***** Dataset excerpts *****

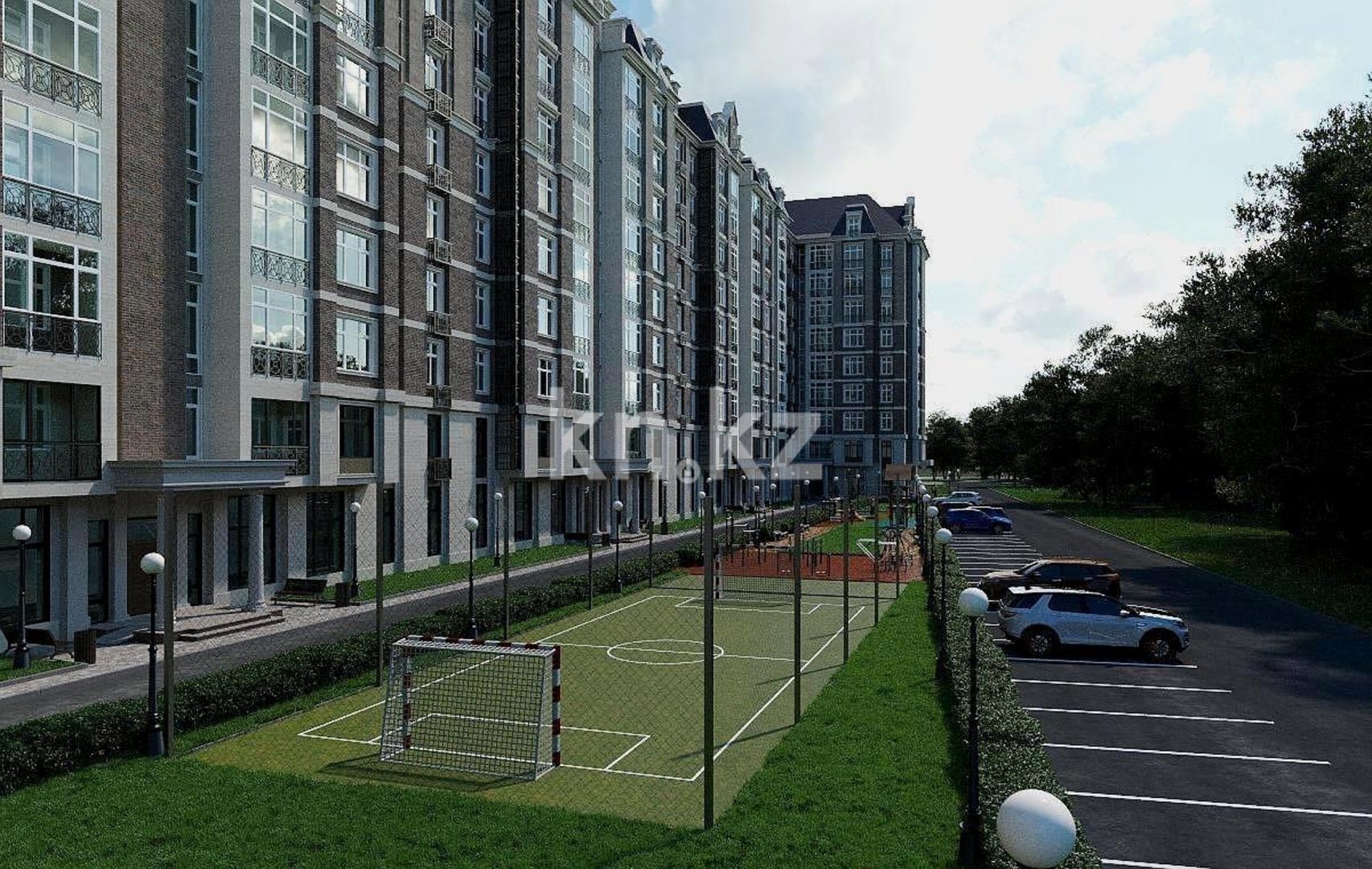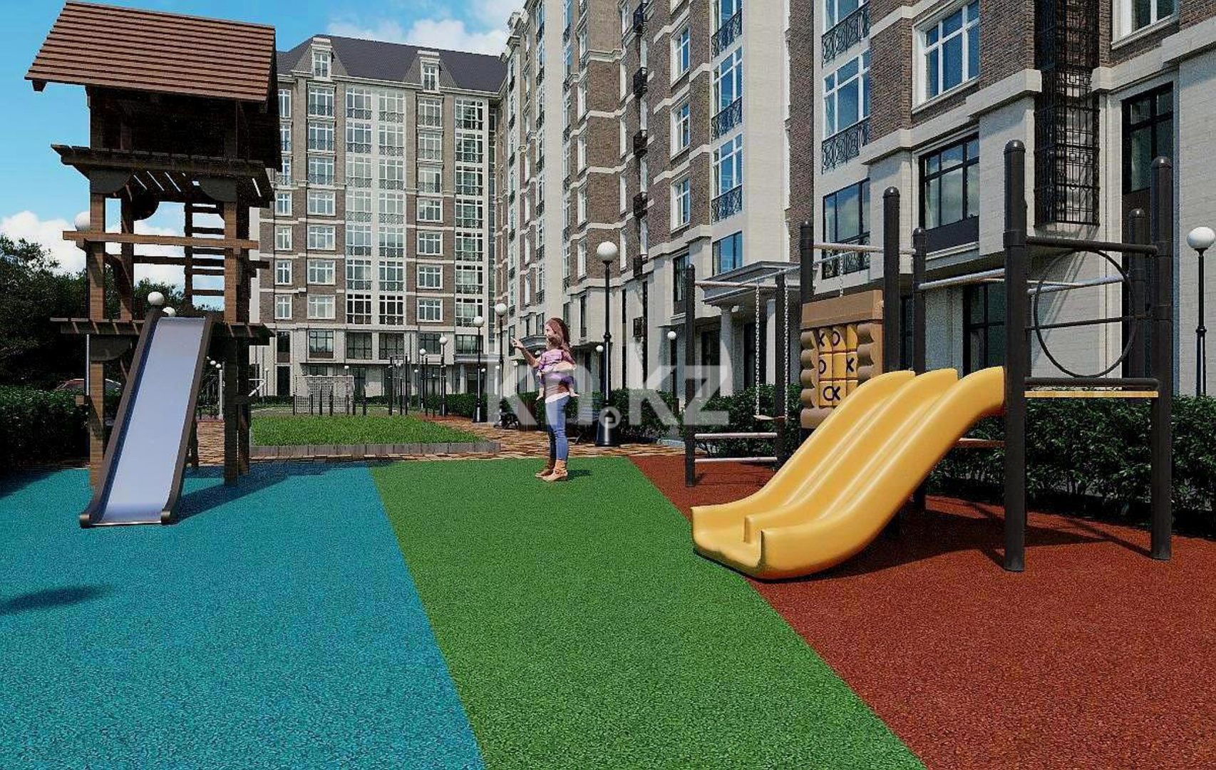 Территория комплекса закрыта и охраняется, оборудована системой видеонаблюдения. Для жителей предусмотрены детская площадка, зоны отдыха и озеленение. Двор свободен от машин, предусмотрен надземный паркинг. Холлы и места общего пользования оформлены по авторскому дизайн-проекту. В шаговой доступности — семейный парк «Керемет», кинотеатр, спортивный комплекс и другие объекты для активного отдыха.
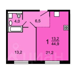 Евродвушка! Самая лучшая планировка и самая большая площадь 1-ком. квартир в этих домах! Кухня-гостиная 21 кв. м. и спальная комната 13 кв. м. В этой секции на этаже всего 5 квартир. Хороший вид из окон, не как в других секциях окна в окна.
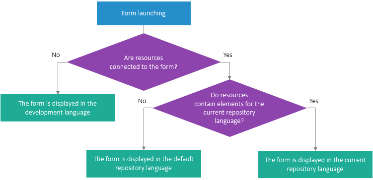 If elements for the current repository language are found in resources, the form is displayed in the current repository language.
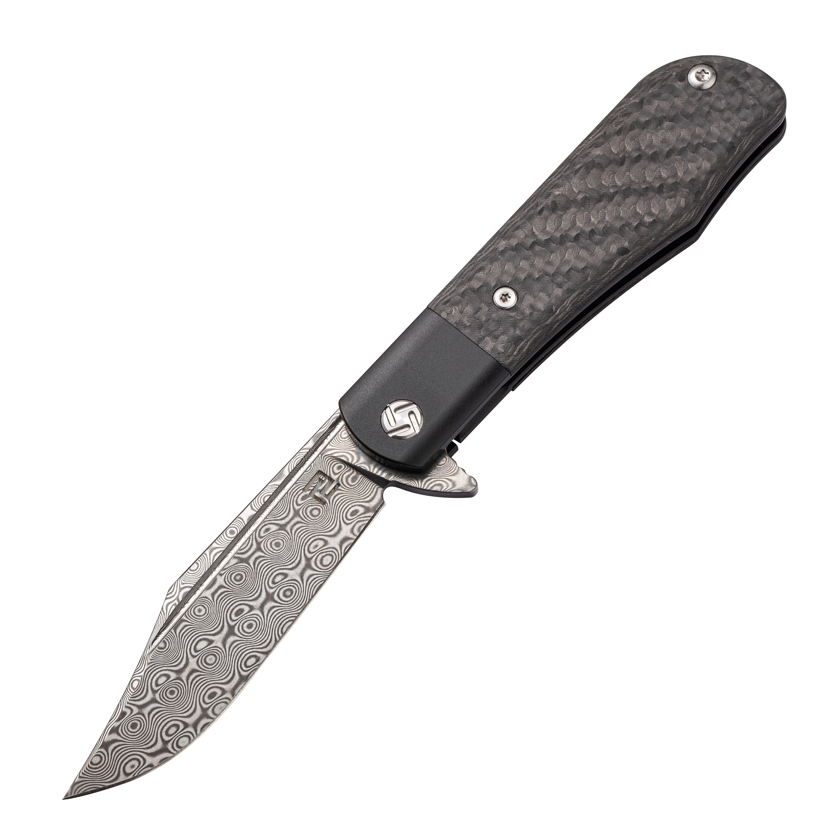 Artisan Cutlery Hyperion ATZ-1834GSD Damascus Blade Titanium and Carbon Fiber Handle Folding Knives
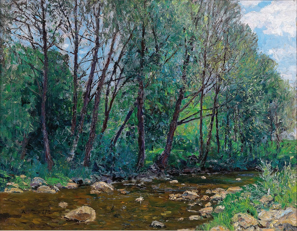 Alfred Zoff was part of the Austrian landscape painting tradition, and his works are often compared to those of his contemporaries, such as Emil Jakob Schindler and Olga Wisinger-Florian. However, Zoff's unique approach to capturing the essence of the natural world sets him apart. His paintings are less about dramatic or grandiose scenes and more about the quiet, often overlooked beauty of everyday landscapes.
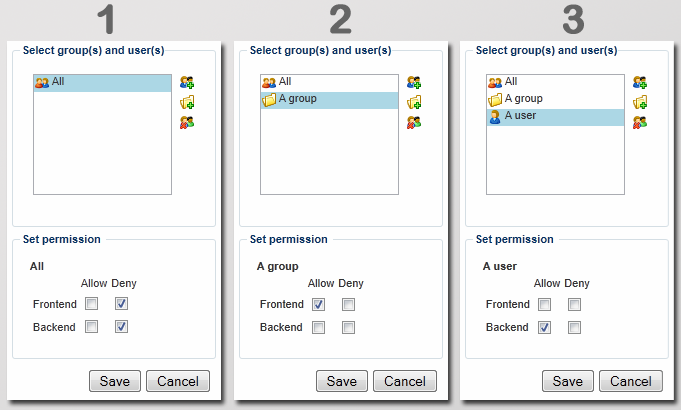 - Permissions in Dynamicweb are always set on the restricted content or module and never on the user
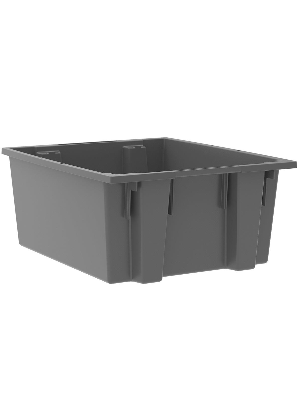 Heavy-duty construction provides a superior service life resulting in lower replacement costs than “budget-priced” totes. Smooth surfaces are easy to clean and are resistant to most solvents and chemicals. Available optional lids protect contents from dust and damage. Stackable with or without lids for shipping. When empty and without lids, totes nest for space saving storage. Available in Red, Blue, or Gray. Gray totes manufactured from FDA-approved materials. FOB Shipping Point.
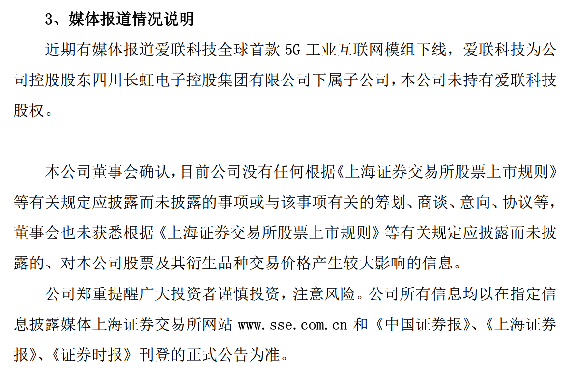 2月25日晚间,四川长虹发布公告表示,近期有媒体报道爱联科技全球首款5G工业互联网模组下线,爱联科技为公司控股股东四川长虹电子控股集团有限公司下属子公司,公司未持有爱联科技股权。
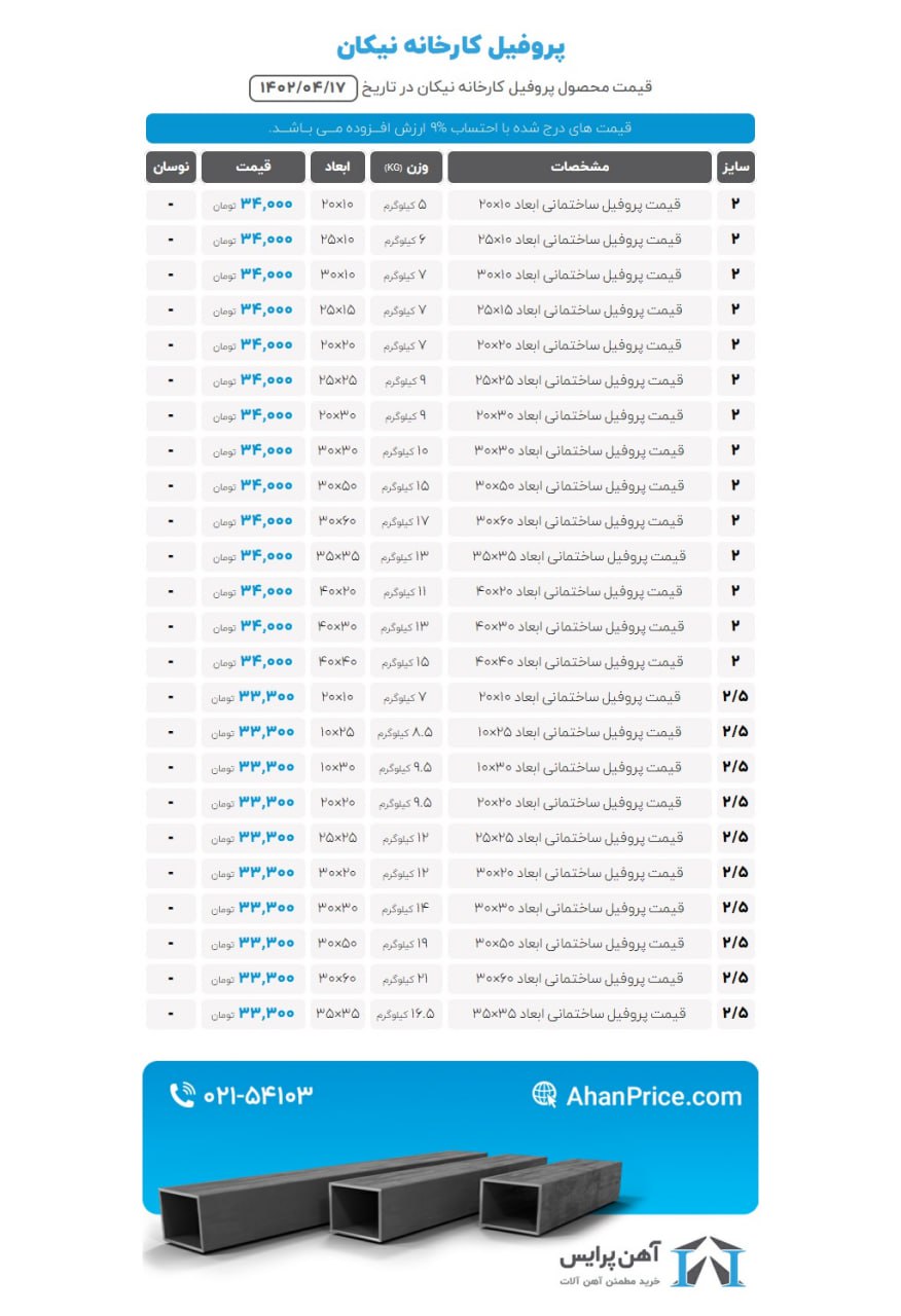 اعلام موجودی پروفیل افلاک اهن #لیست_قوطی_پروفیل_فولادی_و_اهوازیپروفیل ضخامت 2 فولادی ⬅️ 34700 تومان پروفیل ضخامت 2 اهوازی ⬅️ 34200 تومان پروفیل ضخامت 2/5 اهوازی ⬅️ 33400 تومان پروفیل ضخامت 3و4 اهوازی ⬅️ 33400 تومانستونی 3-4 میل ⬅️ 32300 تومان

*****

• Task item: Without including any pictures, output all the entries above exactly.

• Expected answer:
 Территория комплекса закрыта и охраняется, оборудована системой видеонаблюдения. Для жителей предусмотрены детская площадка, зоны отдыха и озеленение. Двор свободен от машин, предусмотрен надземный паркинг. Холлы и места общего пользования оформлены по авторскому дизайн-проекту. В шаговой доступности — семейный парк «Керемет», кинотеатр, спортивный комплекс и другие объекты для активного отдыха.
 Евродвушка! Самая лучшая планировка и самая большая площадь 1-ком. квартир в этих домах! Кухня-гостиная 21 кв. м. и спальная комната 13 кв. м. В этой секции на этаже всего 5 квартир. Хороший вид из окон, не как в других секциях окна в окна.
 If elements for the current repository language are found in resources, the form is displayed in the current repository language.
 Artisan Cutlery Hyperion ATZ-1834GSD Damascus Blade Titanium and Carbon Fiber Handle Folding Knives
 Alfred Zoff was part of the Austrian landscape painting tradition, and his works are often compared to those of his contemporaries, such as Emil Jakob Schindler and Olga Wisinger-Florian. However, Zoff's unique approach to capturing the essence of the natural world sets him apart. His paintings are less about dramatic or grandiose scenes and more about the quiet, often overlooked beauty of everyday landscapes.
 - Permissions in Dynamicweb are always set on the restricted content or module and never on the user
 Heavy-duty construction provides a superior service life resulting in lower replacement costs than “budget-priced” totes. Smooth surfaces are easy to clean and are resistant to most solvents and chemicals. Available optional lids protect contents from dust and damage. Stackable with or without lids for shipping. When empty and without lids, totes nest for space saving storage. Available in Red, Blue, or Gray. Gray totes manufactured from FDA-approved materials. FOB Shipping Point.
 2月25日晚间,四川长虹发布公告表示,近期有媒体报道爱联科技全球首款5G工业互联网模组下线,爱联科技为公司控股股东四川长虹电子控股集团有限公司下属子公司,公司未持有爱联科技股权。
 اعلام موجودی پروفیل افلاک اهن #لیست_قوطی_پروفیل_فولادی_و_اهوازیپروفیل ضخامت 2 فولادی ⬅️ 34700 تومان پروفیل ضخامت 2 اهوازی ⬅️ 34200 تومان پروفیل ضخامت 2/5 اهوازی ⬅️ 33400 تومان پروفیل ضخامت 3و4 اهوازی ⬅️ 33400 تومانستونی 3-4 میل ⬅️ 32300 تومان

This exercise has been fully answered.